> _Required action_
Your copy of the listing should be exact and should contain no pictures.

> _Recorded data_
+++
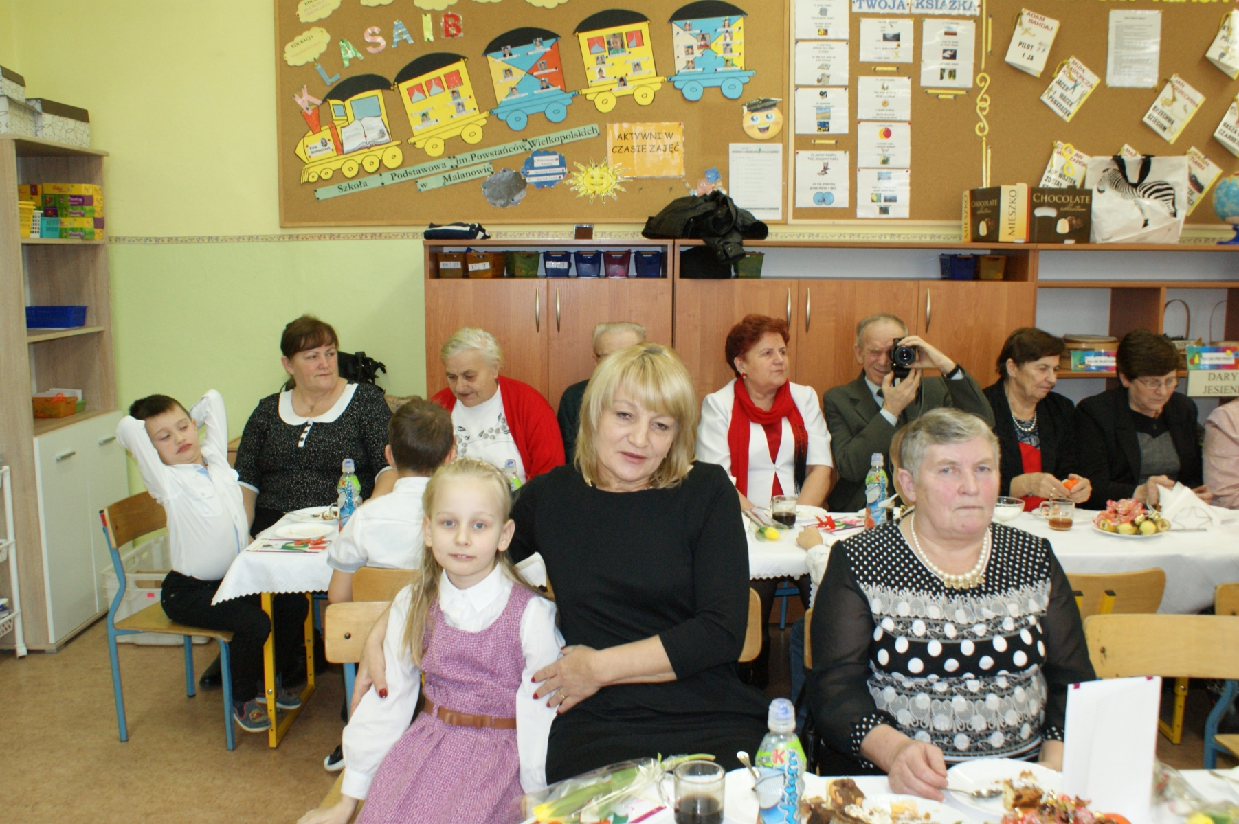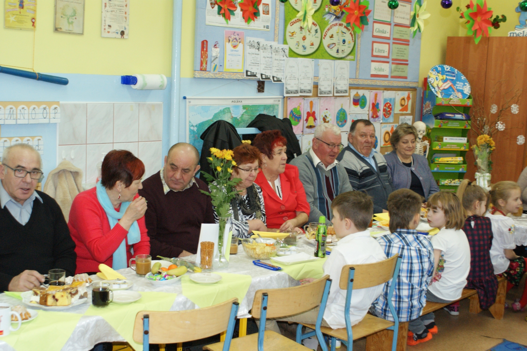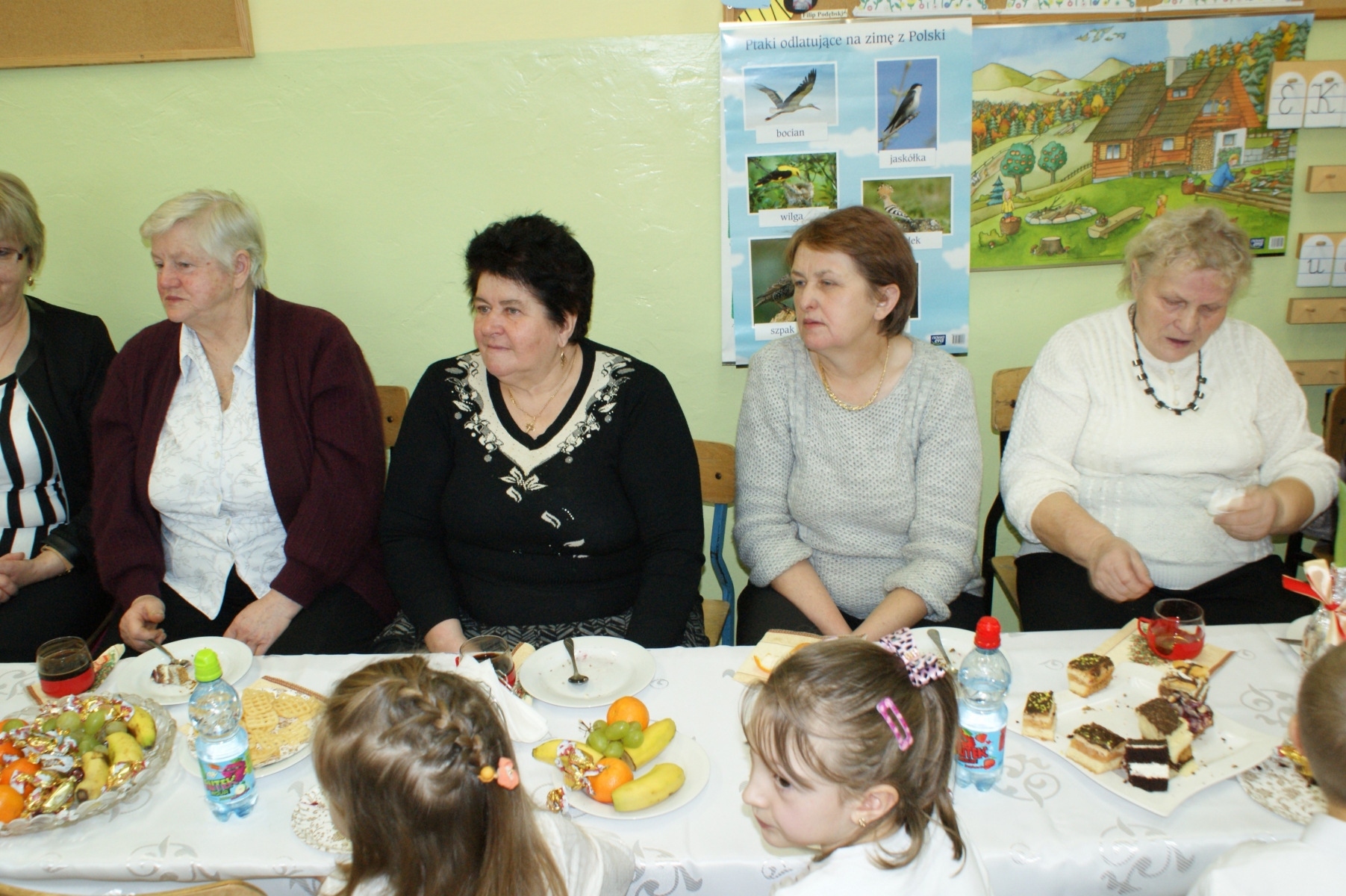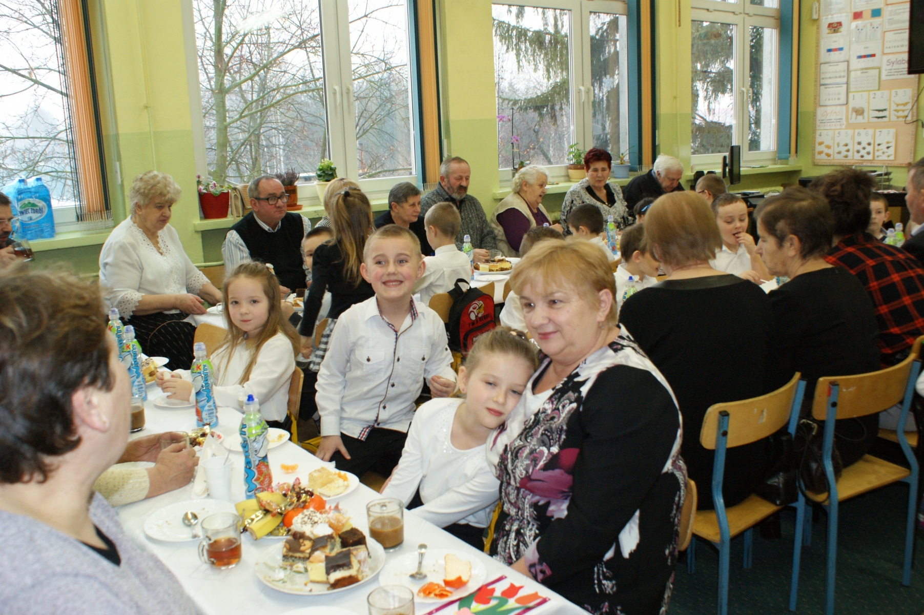 Po uroczystości na sali gimnastycznej goście zostali zaproszeni przez swoje wnuczęta do klas na słodki poczęstunek. Tam też zostali obdarowani kwiatami i laurkami, nie zabrakło też wspólnej zabawy.
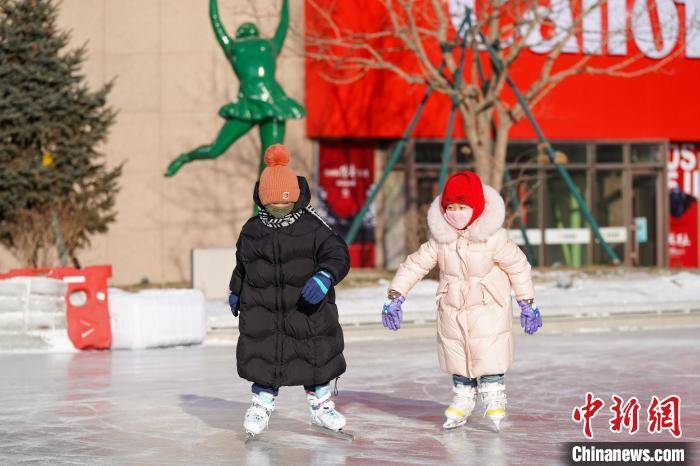 黑龙江哈尔滨,小朋友在南岗区一公益冰场滑冰。赵宇航 摄
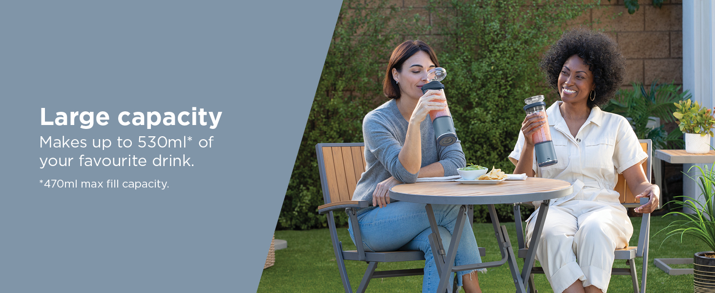 Special Features | Portable, USB-C Rechargeable, BPA-Free 530ml* Cup (*470 max fill), Leak-Proof Lid & Sip Spout, Carry Handle, Blade & Cup Covers |
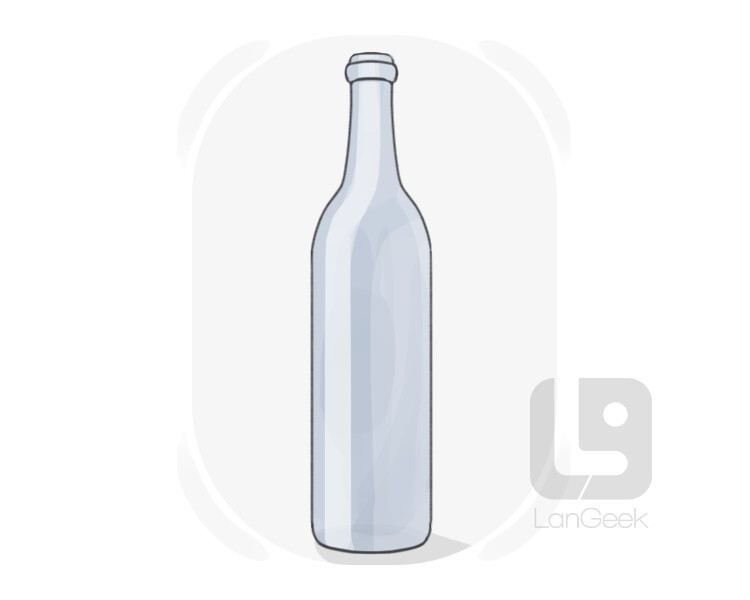 a glass or plastic container that has a narrow neck and is used for storing drinks or other liquids
+++
> _Task output_
 Po uroczystości na sali gimnastycznej goście zostali zaproszeni przez swoje wnuczęta do klas na słodki poczęstunek. Tam też zostali obdarowani kwiatami i laurkami, nie zabrakło też wspólnej zabawy.
 黑龙江哈尔滨,小朋友在南岗区一公益冰场滑冰。赵宇航 摄
 Special Features | Portable, USB-C Rechargeable, BPA-Free 530ml* Cup (*470 max fill), Leak-Proof Lid & Sip Spout, Carry Handle, Blade & Cup Covers |
 a glass or plastic container that has a narrow neck and is used for storing drinks or other liquids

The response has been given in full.